Graduate Seminar Workshop with Marina Vlahakis
MARINA VLAHAKIS' dissertation surveys contemporary African narratives that take place in the hair salon across time--from the independence era and the structural adjustment programs period to the current migration crisis--as well as across space through Lusaka, Zambia; Harare, Zimbabwe; Trenton, New Jersey; and Brussels, Belgium. Read more about Marina's work below...
If you plan to attend in person, please RSVP at bit.ly/bspvlahakisrsvp by Thursday, February 23, 2023
to help with food orders. Visit bit.ly/bspvlahakiszoom for virtual engagement.

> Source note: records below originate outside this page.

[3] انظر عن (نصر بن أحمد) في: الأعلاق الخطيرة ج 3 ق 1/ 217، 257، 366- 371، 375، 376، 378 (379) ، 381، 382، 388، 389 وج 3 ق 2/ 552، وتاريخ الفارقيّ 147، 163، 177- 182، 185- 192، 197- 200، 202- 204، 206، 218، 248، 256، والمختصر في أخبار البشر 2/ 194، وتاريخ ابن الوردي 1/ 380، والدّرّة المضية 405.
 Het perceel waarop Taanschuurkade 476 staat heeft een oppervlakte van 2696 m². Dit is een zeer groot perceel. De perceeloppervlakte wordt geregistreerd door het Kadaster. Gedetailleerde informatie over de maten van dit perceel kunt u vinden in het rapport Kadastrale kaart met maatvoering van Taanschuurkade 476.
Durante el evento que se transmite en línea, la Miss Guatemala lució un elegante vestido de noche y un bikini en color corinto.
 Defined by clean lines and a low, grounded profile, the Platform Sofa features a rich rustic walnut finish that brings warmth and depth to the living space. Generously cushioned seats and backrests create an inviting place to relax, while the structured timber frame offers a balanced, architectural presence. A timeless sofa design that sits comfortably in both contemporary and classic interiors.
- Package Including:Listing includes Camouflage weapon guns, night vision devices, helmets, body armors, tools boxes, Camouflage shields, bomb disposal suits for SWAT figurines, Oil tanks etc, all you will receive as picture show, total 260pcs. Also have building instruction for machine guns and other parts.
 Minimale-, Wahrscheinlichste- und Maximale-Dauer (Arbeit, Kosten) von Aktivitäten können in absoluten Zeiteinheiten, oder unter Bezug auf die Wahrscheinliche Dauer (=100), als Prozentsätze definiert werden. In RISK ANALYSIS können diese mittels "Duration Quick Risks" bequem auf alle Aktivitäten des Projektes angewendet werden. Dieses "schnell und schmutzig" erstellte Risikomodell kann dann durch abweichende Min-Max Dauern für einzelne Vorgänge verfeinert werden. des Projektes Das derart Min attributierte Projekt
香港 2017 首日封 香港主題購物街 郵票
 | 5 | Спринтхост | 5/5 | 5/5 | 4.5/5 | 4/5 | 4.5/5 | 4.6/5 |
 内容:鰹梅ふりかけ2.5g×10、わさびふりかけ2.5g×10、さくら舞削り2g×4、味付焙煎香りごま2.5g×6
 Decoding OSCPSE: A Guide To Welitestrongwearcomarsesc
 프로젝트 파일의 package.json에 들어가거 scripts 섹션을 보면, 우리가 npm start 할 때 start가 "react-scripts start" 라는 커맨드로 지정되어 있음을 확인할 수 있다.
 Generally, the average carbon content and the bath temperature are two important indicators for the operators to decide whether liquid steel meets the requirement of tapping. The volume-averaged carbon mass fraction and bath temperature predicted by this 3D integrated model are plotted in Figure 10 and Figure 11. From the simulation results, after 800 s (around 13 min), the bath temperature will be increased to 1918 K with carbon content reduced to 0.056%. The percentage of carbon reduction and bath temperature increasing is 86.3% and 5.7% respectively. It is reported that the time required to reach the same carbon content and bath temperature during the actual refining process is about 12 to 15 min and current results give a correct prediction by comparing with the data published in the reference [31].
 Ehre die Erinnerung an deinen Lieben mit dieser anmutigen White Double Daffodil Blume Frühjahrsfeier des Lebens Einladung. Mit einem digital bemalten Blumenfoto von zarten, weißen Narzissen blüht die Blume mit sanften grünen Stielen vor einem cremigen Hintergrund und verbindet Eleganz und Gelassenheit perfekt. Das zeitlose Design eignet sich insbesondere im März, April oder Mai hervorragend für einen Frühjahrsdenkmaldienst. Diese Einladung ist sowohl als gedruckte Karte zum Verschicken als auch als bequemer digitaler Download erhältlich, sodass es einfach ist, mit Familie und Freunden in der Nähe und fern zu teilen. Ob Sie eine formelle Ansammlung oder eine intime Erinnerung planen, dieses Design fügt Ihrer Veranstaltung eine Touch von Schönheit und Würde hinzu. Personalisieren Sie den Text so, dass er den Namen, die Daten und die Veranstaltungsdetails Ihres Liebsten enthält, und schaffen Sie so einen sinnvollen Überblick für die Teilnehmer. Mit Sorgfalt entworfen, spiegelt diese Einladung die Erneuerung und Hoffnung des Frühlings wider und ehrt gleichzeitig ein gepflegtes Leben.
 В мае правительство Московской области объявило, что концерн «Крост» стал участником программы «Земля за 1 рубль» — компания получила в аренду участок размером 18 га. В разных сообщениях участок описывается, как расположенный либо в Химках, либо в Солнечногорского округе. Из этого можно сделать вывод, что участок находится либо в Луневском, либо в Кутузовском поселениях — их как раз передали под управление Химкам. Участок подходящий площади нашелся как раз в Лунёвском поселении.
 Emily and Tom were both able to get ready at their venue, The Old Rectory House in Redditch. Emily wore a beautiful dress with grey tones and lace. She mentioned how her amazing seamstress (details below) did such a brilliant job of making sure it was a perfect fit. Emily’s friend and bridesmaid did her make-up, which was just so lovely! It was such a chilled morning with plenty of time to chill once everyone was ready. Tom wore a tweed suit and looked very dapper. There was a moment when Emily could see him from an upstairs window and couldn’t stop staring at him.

Tuesday, February 28, 2023 | 12:00 PM-1:30 PM (PST)
PEB 201 + ZOOM
Event Details
This dissertation surveys contemporary African narratives that take place in the hair salon across time--from the independence era and the structural adjustment programs period to the current migration crisis--as well as across space through Lusaka, Zambia; Harare, Zimbabwe; Trenton, New Jersey; and Brussels, Belgium. In my reading of Namwali Serpell’s The Old Drift (2019), Tendai Huchu’s The Hairdresser of Harare (2010), Chimamanda Adichie’s Americanah (2013) and Rosine Mbakam’s Chez Jolie Coiffure (2018), I analyze the hair salon as a contact zone where people converge, diverge, and intersect to examine how factors such as race, ethnicity, gender, class, and nationality influence community building. Through an analysis of the effect of hairdressing on the social relations being forged in this space, I show how contemporary African writers of the diaspora create communities that are under constant construction where power dynamics are produced, reproduced, and transformed, ultimately weaving diverse stories into each community’s narrative. This weaving registers in the narrative form.
Following the presentation, other attendees will have the opportunity to share, discuss, and receive feedback on their own works-in-progress.